From the first line of the data through the line containing "pGAPZ A,B,和C載體(2.9 KB)和pGAPZαB和C(3.1", transcribe each line exactly. Pictures do not belong in the copy.

## DATASET SECTION
══════════════════════════════

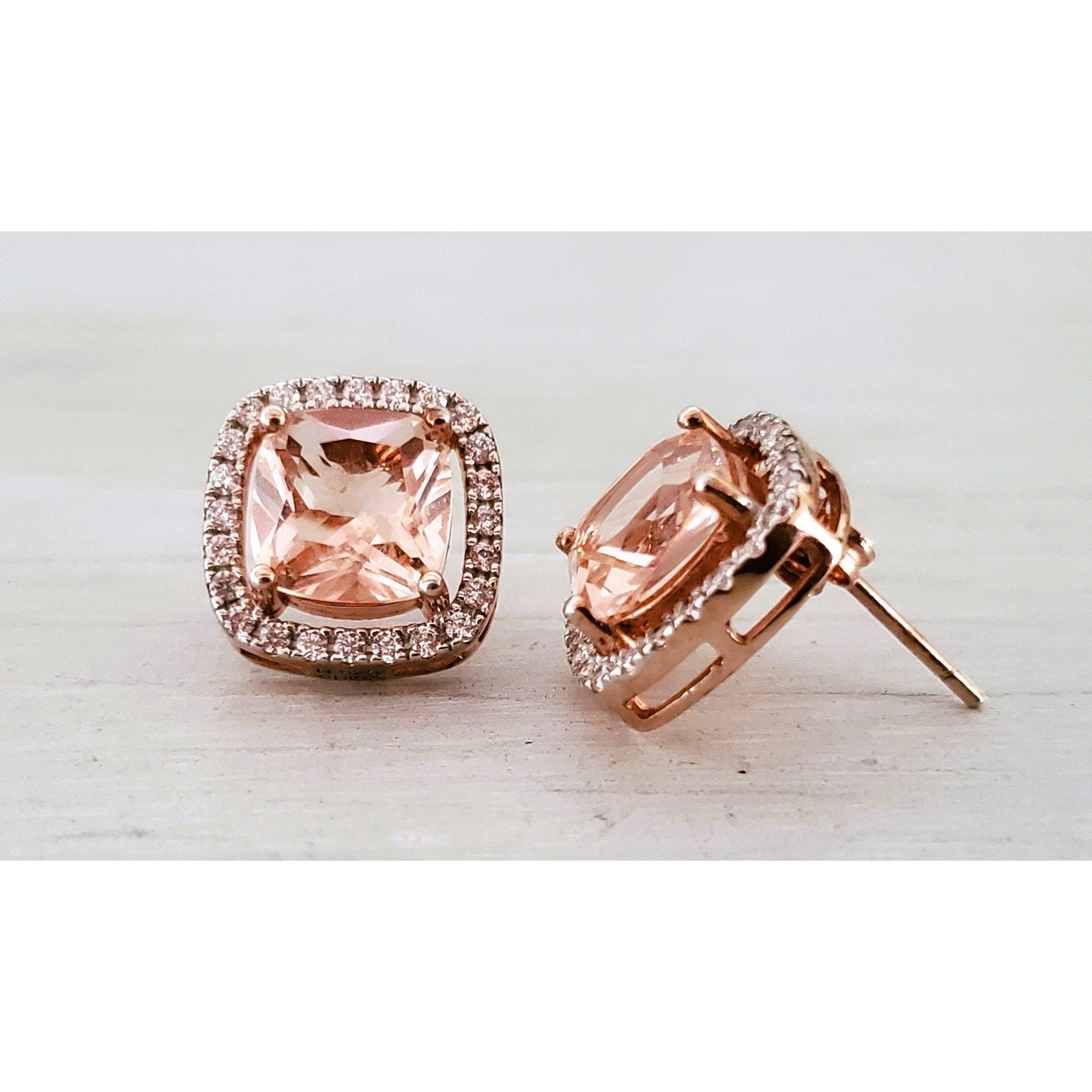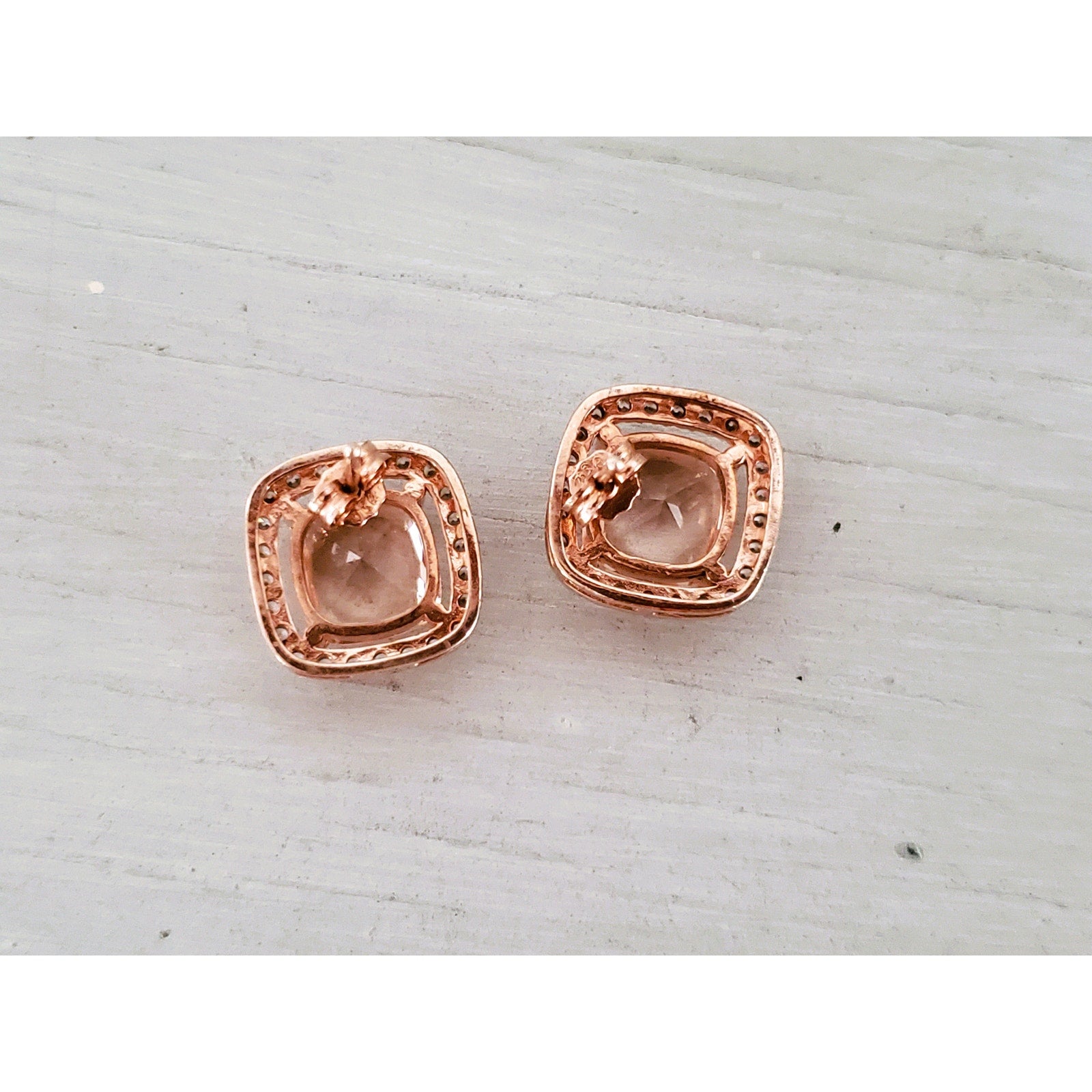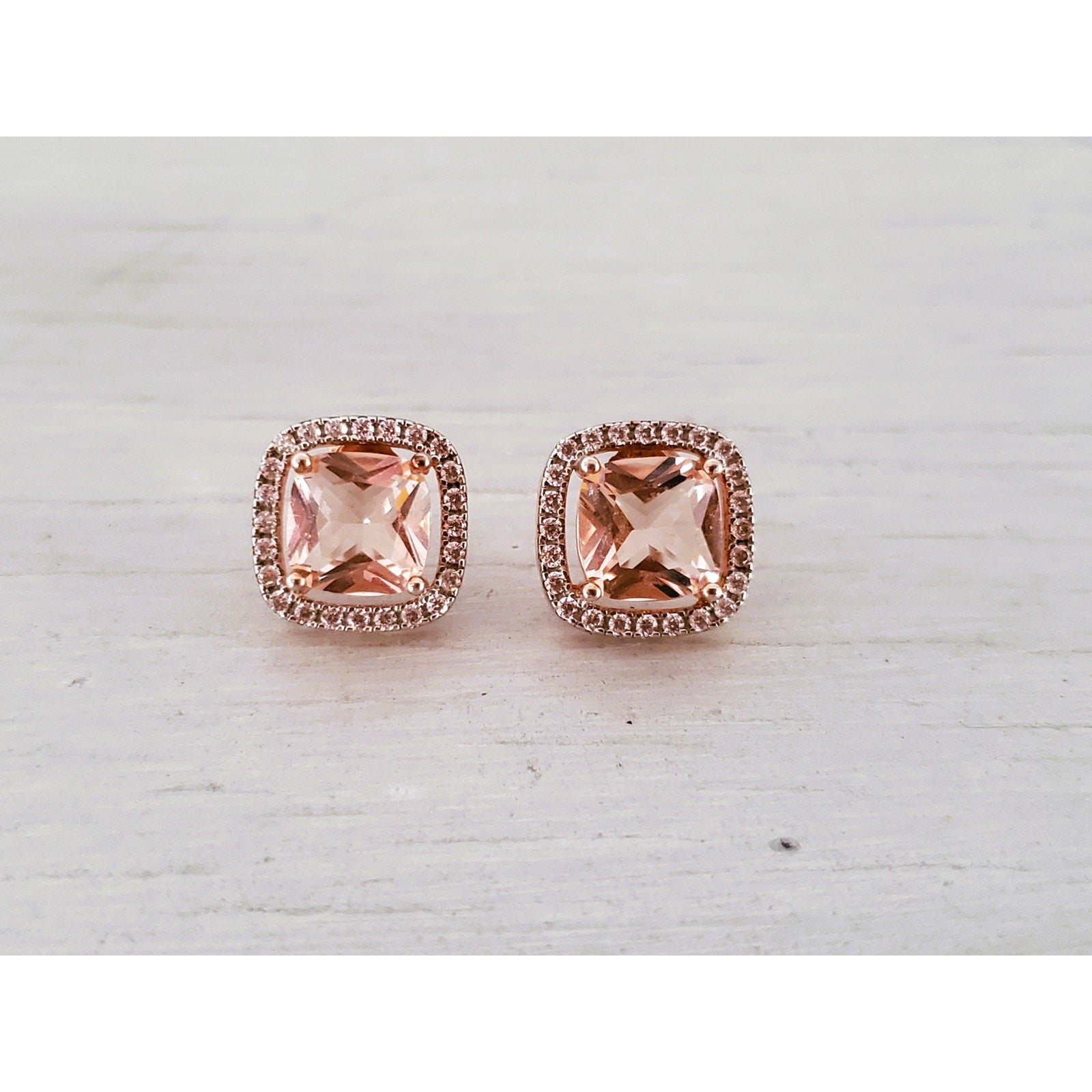 Morganite and CZ Sterling Silver Stud Earrings
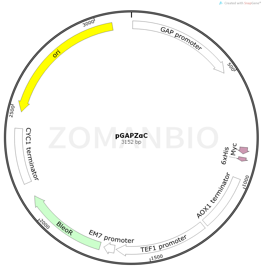 pGAPZ A,B,和C載體(2.9 KB)和pGAPZαB和C(3.1 KB)載體使用GAP啟動(dòng)子在畢赤酵母中穩(wěn)定表達(dá)重組蛋白。重組蛋白表達(dá)為為帶有C-末端myc抗原表位和C端His標(biāo)簽的融合蛋白。此外,pGAPZα 表達(dá)的融合蛋白在N-端帶有釀酒酵母(Saccharomyces cerevisiae)的α-因子分泌信號(hào)肽。這兩個(gè)系列的載體都提供三個(gè)不同讀碼框的載體,以方便克隆的帶有C-端標(biāo)簽和/或N-末端分泌信號(hào)肽的載體中。
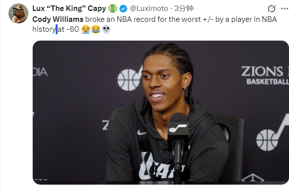 科迪-威廉姆斯出战32分钟,9投5中拿到15分2篮板,正负值低至-60体育赛事直播,创玷辱记载,成为NBA历史上单场正负值最低的球员;此前最低的是亨德森和厄尔共同创造的-58。

══════════════════════════════

## SOLVED EXERCISE
 Morganite and CZ Sterling Silver Stud Earrings
 pGAPZ A,B,和C載體(2.9 KB)和pGAPZαB和C(3.1 KB)載體使用GAP啟動(dòng)子在畢赤酵母中穩(wěn)定表達(dá)重組蛋白。重組蛋白表達(dá)為為帶有C-末端myc抗原表位和C端His標(biāo)簽的融合蛋白。此外,pGAPZα 表達(dá)的融合蛋白在N-端帶有釀酒酵母(Saccharomyces cerevisiae)的α-因子分泌信號(hào)肽。這兩個(gè)系列的載體都提供三個(gè)不同讀碼框的載體,以方便克隆的帶有C-端標(biāo)簽和/或N-末端分泌信號(hào)肽的載體中。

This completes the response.